| HN Mirror

Is OCR that good yet? From what I've seen, it's good if you have uniform text in a single standard-looking font. When layout or font varies widely, or there's extraneous stuff on the page (for instance: headers, footers, page numbers, marginal notes, same-page footnotes, low quality source material with marks on it, or scan artifacts), quality degrades. Good OCR engines I've seen can still OCR all the things and present them in a somewhat readable text format, but general intelligence (human or AGI) allows quick, automatic recognition of different sections of text that a narrow OCR AI struggles with. A human or AGI knows this text and that text are both blockquotes, or marginal notes, and instinctively attaches semantic meaning to each area, font, style, color encountered.

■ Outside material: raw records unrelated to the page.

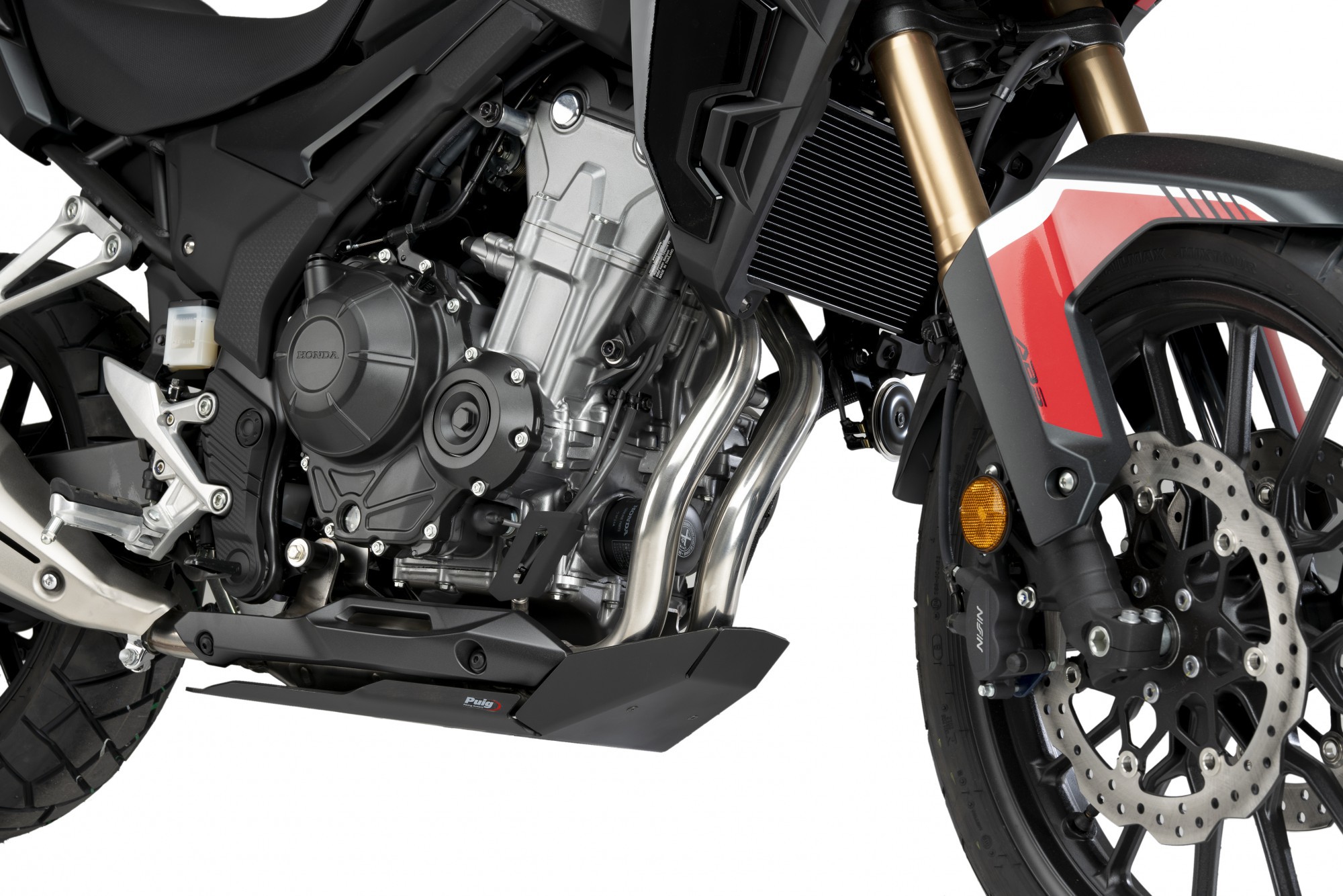 Aluminiowa płyta pod silnik chroni elementy motocykla przed uszkodzeniem podczas jazdy off road.
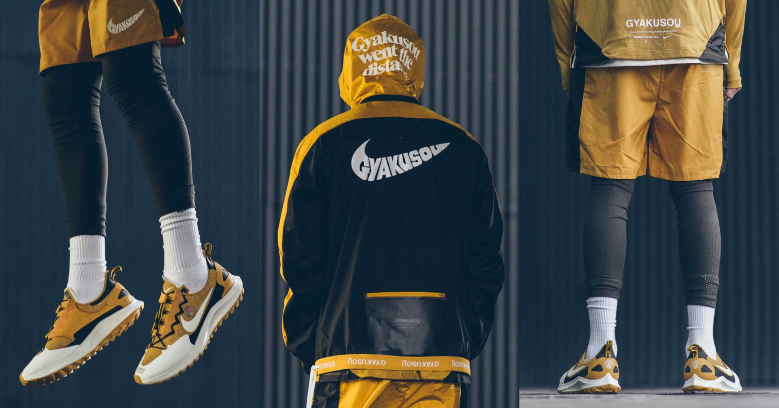 1.Назва GYAKUSOU перекладається з японської як «біг проти течії», що відображає цей настрій як у фізичному, так і культурному контексті. Вона заснована на особистому досвіді Джуна Такахаші як бігуна й переосмислює біг не у змагальному контексті, а як особисту, майже «медитативну практику». А ще частково відсилає до захоплення дизайнера панк-культурою.
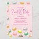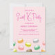 Schön und hübsch wirkende Makaronen auf einer modernen, rosa Geburtstagseinladung.
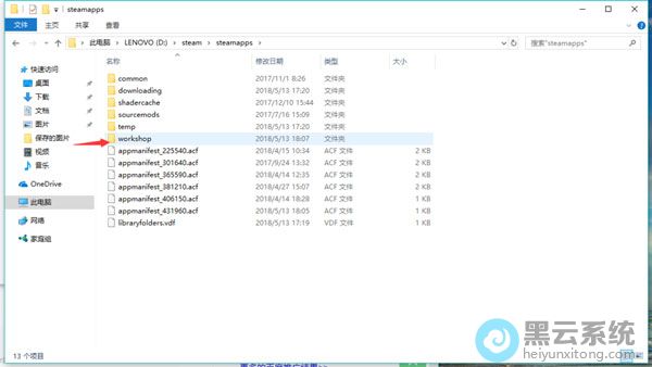 4.接着在steamapps文件夹内找到【workshop】文件夹,双击打开;
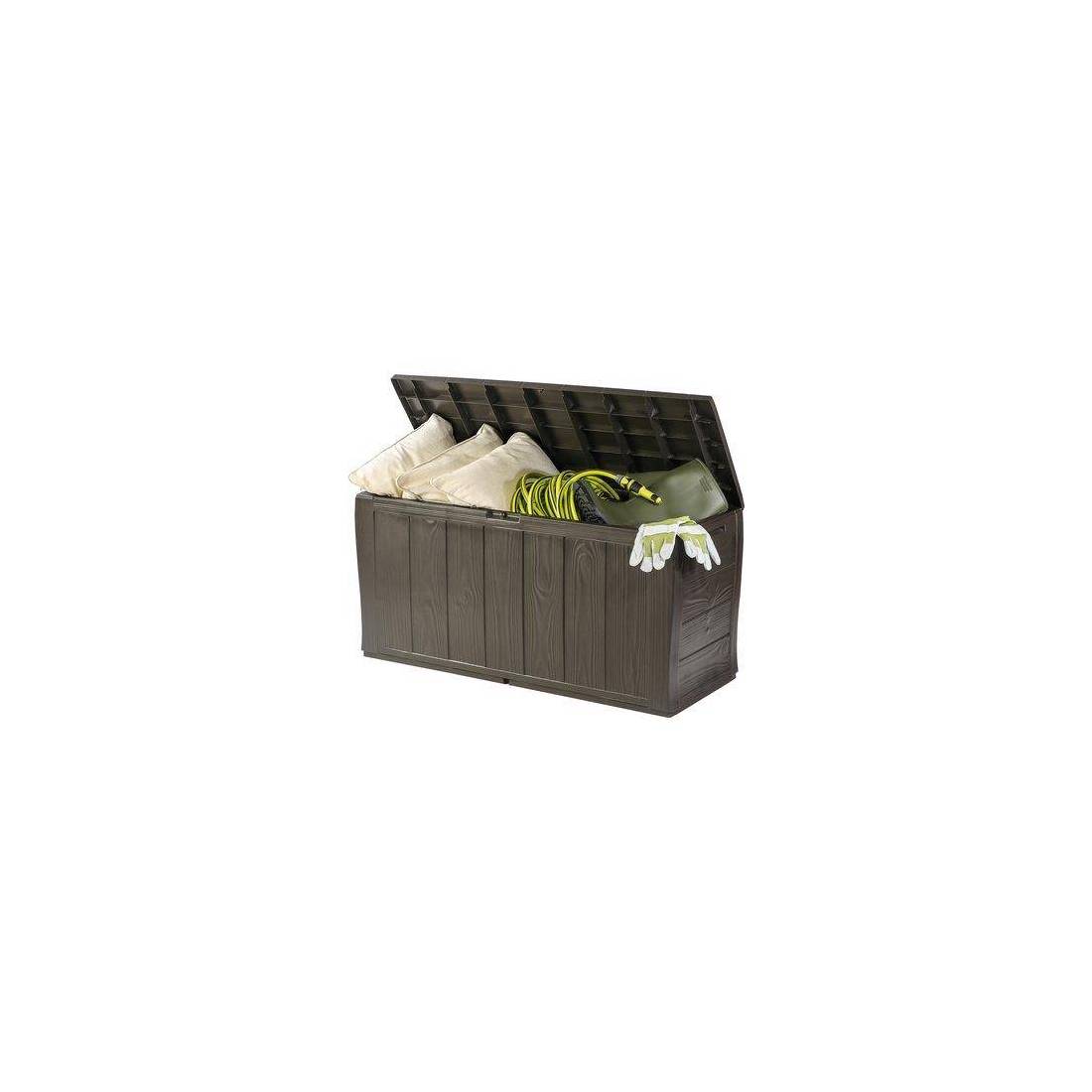 En résine, pour l'extérieur, avec décor bois, couleur marron. Avec roulettes et poignées pour le déplacement. Capacité jusqu'à 200 kg. Totalement imperméable.

An OCR engine struggles to get beyond blocks of text each with their own margins and no semantic meaning attached, leading to markup hell.

To highlight the limitations, look at an OCR'd version of a technical book with code samples and different fonts and styles that have different meanings, and that has both footnotes and endnotes. The text will be readable, but disorganized, probably inconsistent styling, and even if some footnotes and endnotes are linked by a good engine, I suspect that's less than fully reliable. For the purposes of reading the book, I'd rather have the scanned pdf with page images for reading, with the OCR'd text as the text layer for searching.

Lower-quality source images seem to cause major problems for tesseract, and even ABBYY judging from archive.org text conversions. Those engines confuse more ambiguous letter or punctuation combinations, while humans can still read the images without much trouble.